**YOUR INSTRUCTIONS:** Without including any pictures, write out all the records word for word.

**GIVEN DATA:**
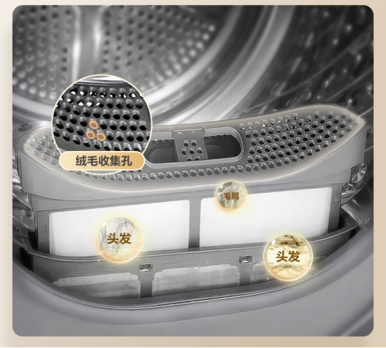 另外,热泵式干衣机还有一个特点,是有毛屑收集器,在干衣的同时能给衣物去除毛发碎屑,还能免于毛发堵塞风道。
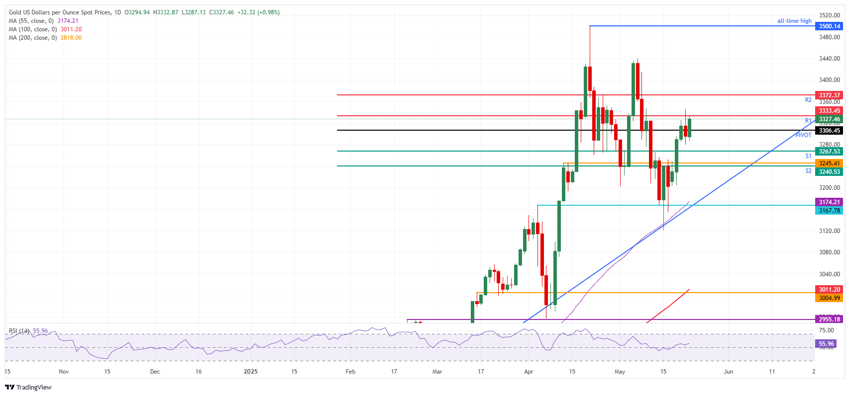 Gold (XAU/USD) value extends its weekly features, buying and selling close to $3,329 on the time of writing on Friday, up almost 1% on the day, on a brand new tailwind for the secure haven valuable steel. The spending invoice from United States (US) President Donald Trump handed by the Home of Representatives on Thursday and is now on its technique to the Senate. Merchants are nervous that the spending invoice will solely add extra US debt, whereas revenue from tariffs stays to be seen as sufficient to supply funding for all of the spending.
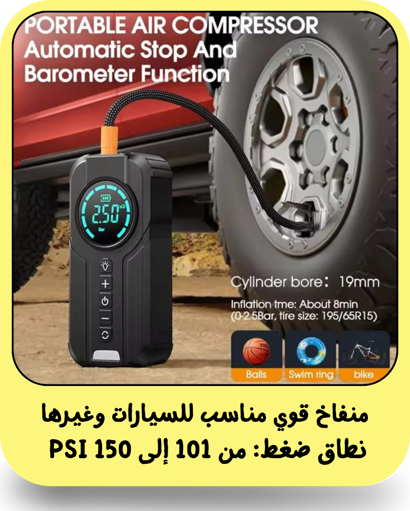 بينفخ كاوتش عربيتك فأقل من 5 دقائق ومزود بعداد ديجتال يقيس ضغط كاوتش وبيفصل اتوماتيكي عند الضغط اللي تضبطه عليه ✅ ومعاه طقم اكسسوار العجلة والعوامة والمراتب
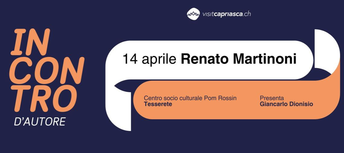L’Ufficio cultura, eventi, sport e turismo del Comune di Capriasca ha il piacere di annunciare un nuovo appuntamento della rassegna Incontri d’autore, che si terrà martedì 14 aprile alle ore 18:30 presso il Centro Socio-Culturale Pom Rossin di Tesserete. Protagonista della serata sarà Renato Martinoni, autore, critico letterario e docente universitario, che presenterà il suo ultimo lavoro Ricordi di suoni e di luci. Storia di un poeta e della sua follia.
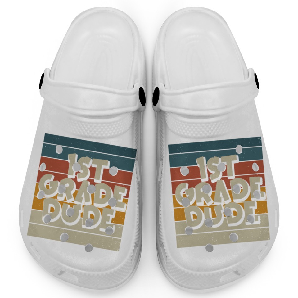 You are viewing one of the trendiest products Kindergarten Teacher Funny Student 1st Graduation Clogs For Kids WHITE belong theme Clogs at Printblur
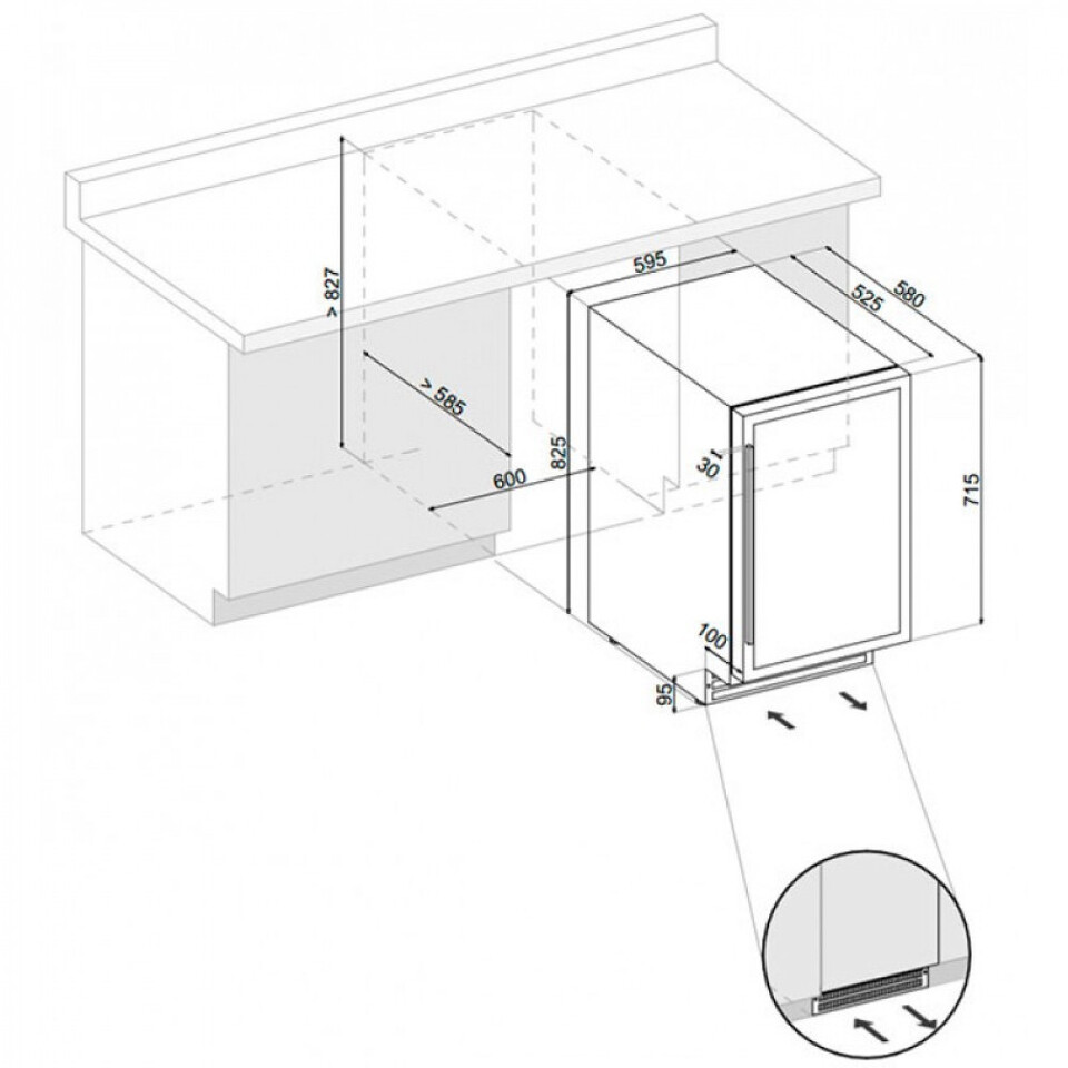 Винный шкаф Dunavox DX-51.150DSK/DP легко встраивается под столешницу или может устанавливаться отдельно. Охлаждение компрессора происходит через вентиляционные решетки внизу шкафа, что позволяет встраивать винный холодильник без зазоров.
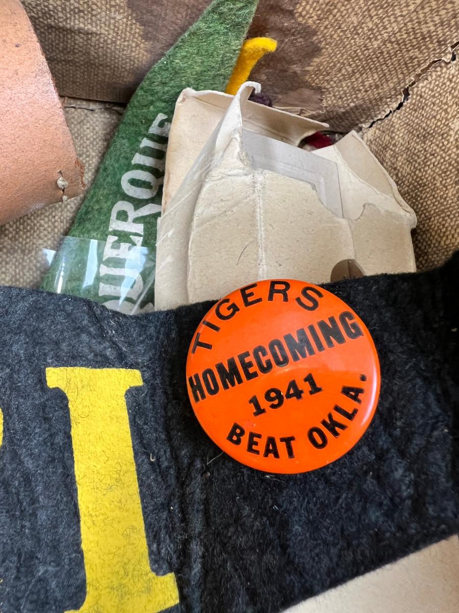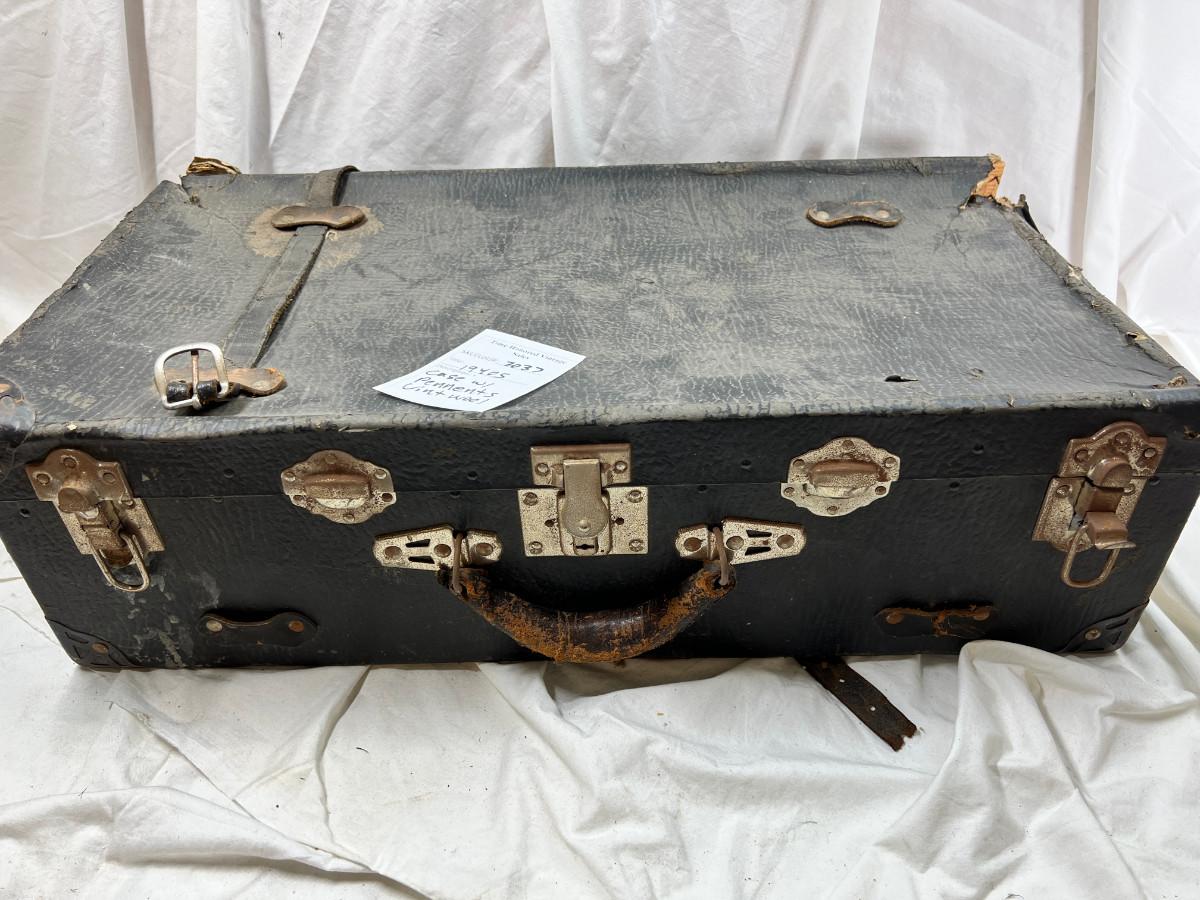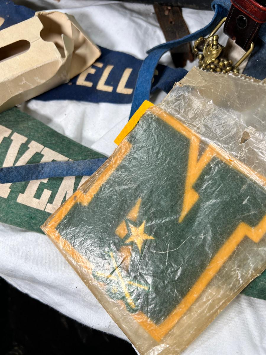 Antique Wool pennants large and small in a 1940s suitcase. Most of the pennants are in good shape with the occasional hole or dirt. This collection has many states and universities, sports teams. There is also a bag full of mini pennants. The case itself is in rough shape. Defiantly from the 40s. I got this out of a storage locker that had been sealed for over 20 years, and the gentleman who owned it was military. Did he get these on his travels with this trunk?
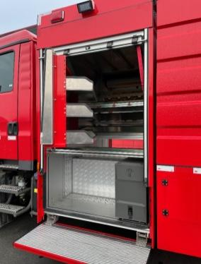 | 3.2 | 儲物箱:車輛設(shè)有(5個)防水、防塵的鋁合金卷簾門,卷簾門觸發(fā)電磁傳感器自動開關(guān)LED照明;在兩側(cè)卷簾門下方設(shè)有翻轉(zhuǎn)腳踏板,踏板行程由氣彈簧控制,踏板由整塊特制高強度鋁型材裁剪并與附件無焊接組裝而成、站立面防滑,每個踏板可稱重靜載荷200kg,便于取放儲物箱內(nèi)器材;儲物箱內(nèi)科學(xué)合理放置各類器材,固定牢靠、取放便捷。 |
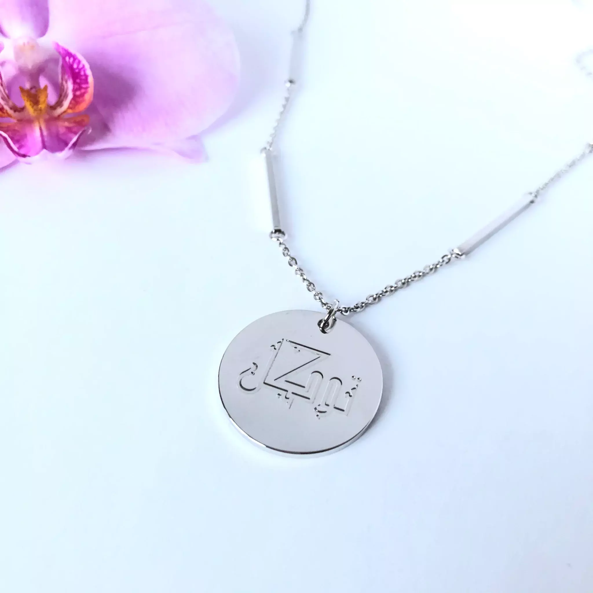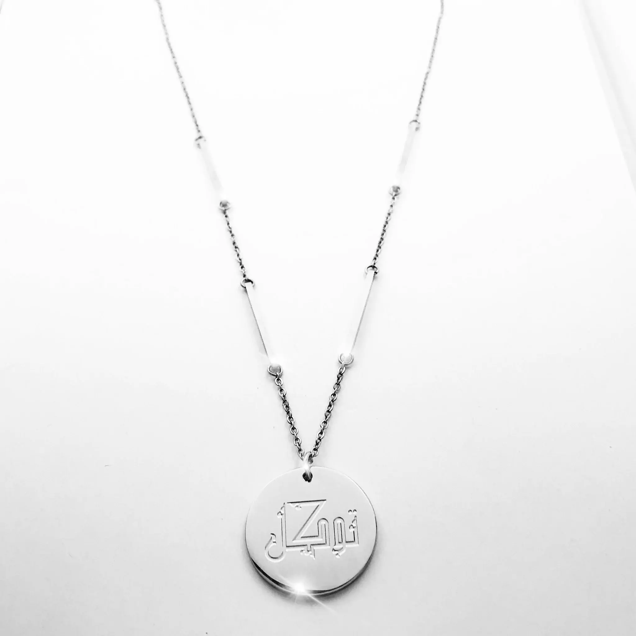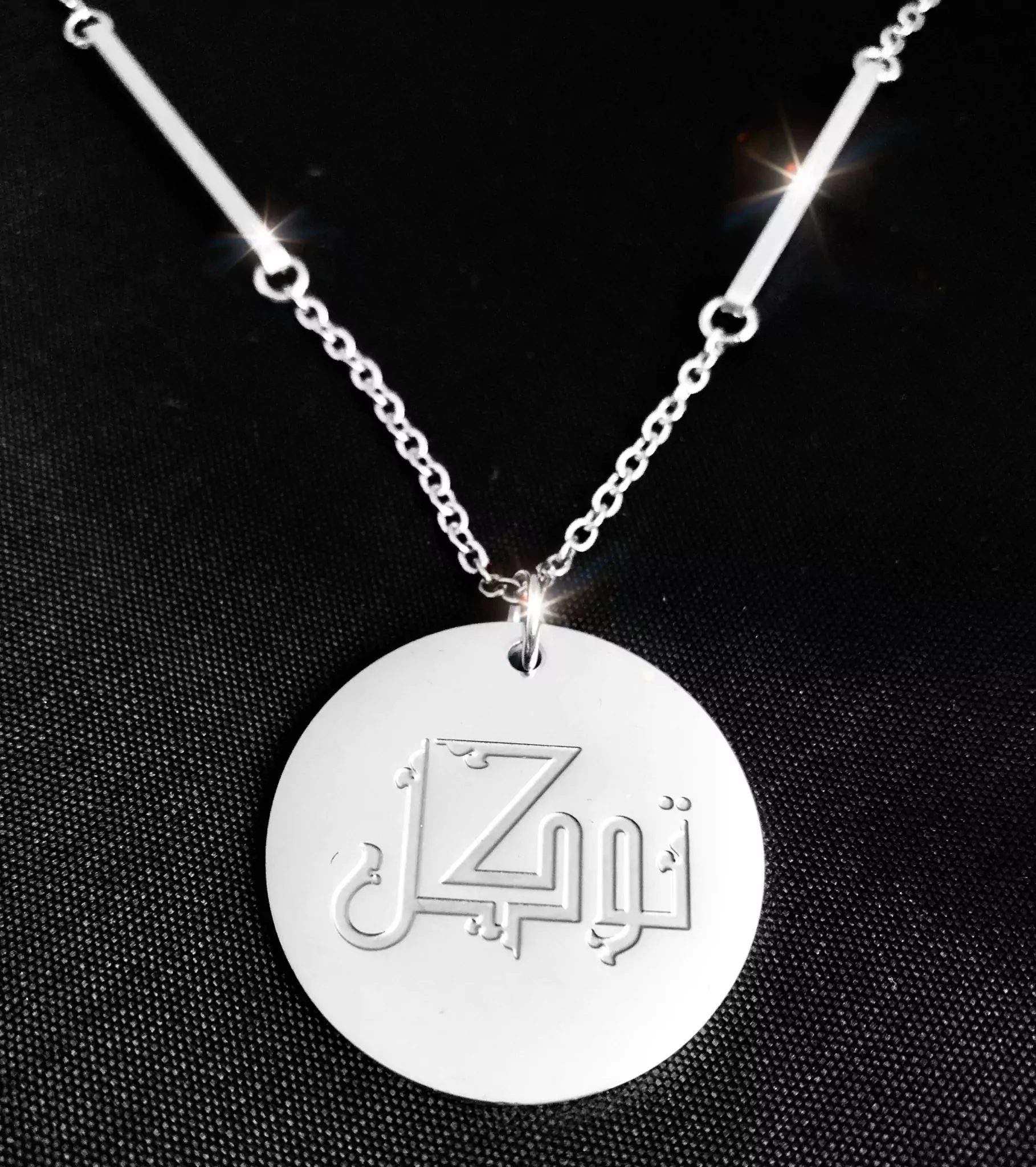 This beautiful and elegant necklace is engraved with the Arabic word “Tawakkul” in a stunning calligraphy design.

**ANSWER TO THIS PROBLEM:**
 另外,热泵式干衣机还有一个特点,是有毛屑收集器,在干衣的同时能给衣物去除毛发碎屑,还能免于毛发堵塞风道。
 Gold (XAU/USD) value extends its weekly features, buying and selling close to $3,329 on the time of writing on Friday, up almost 1% on the day, on a brand new tailwind for the secure haven valuable steel. The spending invoice from United States (US) President Donald Trump handed by the Home of Representatives on Thursday and is now on its technique to the Senate. Merchants are nervous that the spending invoice will solely add extra US debt, whereas revenue from tariffs stays to be seen as sufficient to supply funding for all of the spending.
 بينفخ كاوتش عربيتك فأقل من 5 دقائق ومزود بعداد ديجتال يقيس ضغط كاوتش وبيفصل اتوماتيكي عند الضغط اللي تضبطه عليه ✅ ومعاه طقم اكسسوار العجلة والعوامة والمراتب
L’Ufficio cultura, eventi, sport e turismo del Comune di Capriasca ha il piacere di annunciare un nuovo appuntamento della rassegna Incontri d’autore, che si terrà martedì 14 aprile alle ore 18:30 presso il Centro Socio-Culturale Pom Rossin di Tesserete. Protagonista della serata sarà Renato Martinoni, autore, critico letterario e docente universitario, che presenterà il suo ultimo lavoro Ricordi di suoni e di luci. Storia di un poeta e della sua follia.
 You are viewing one of the trendiest products Kindergarten Teacher Funny Student 1st Graduation Clogs For Kids WHITE belong theme Clogs at Printblur
 Винный шкаф Dunavox DX-51.150DSK/DP легко встраивается под столешницу или может устанавливаться отдельно. Охлаждение компрессора происходит через вентиляционные решетки внизу шкафа, что позволяет встраивать винный холодильник без зазоров.
 Antique Wool pennants large and small in a 1940s suitcase. Most of the pennants are in good shape with the occasional hole or dirt. This collection has many states and universities, sports teams. There is also a bag full of mini pennants. The case itself is in rough shape. Defiantly from the 40s. I got this out of a storage locker that had been sealed for over 20 years, and the gentleman who owned it was military. Did he get these on his travels with this trunk?
 | 3.2 | 儲物箱:車輛設(shè)有(5個)防水、防塵的鋁合金卷簾門,卷簾門觸發(fā)電磁傳感器自動開關(guān)LED照明;在兩側(cè)卷簾門下方設(shè)有翻轉(zhuǎn)腳踏板,踏板行程由氣彈簧控制,踏板由整塊特制高強度鋁型材裁剪并與附件無焊接組裝而成、站立面防滑,每個踏板可稱重靜載荷200kg,便于取放儲物箱內(nèi)器材;儲物箱內(nèi)科學(xué)合理放置各類器材,固定牢靠、取放便捷。 |
 This beautiful and elegant necklace is engraved with the Arabic word “Tawakkul” in a stunning calligraphy design.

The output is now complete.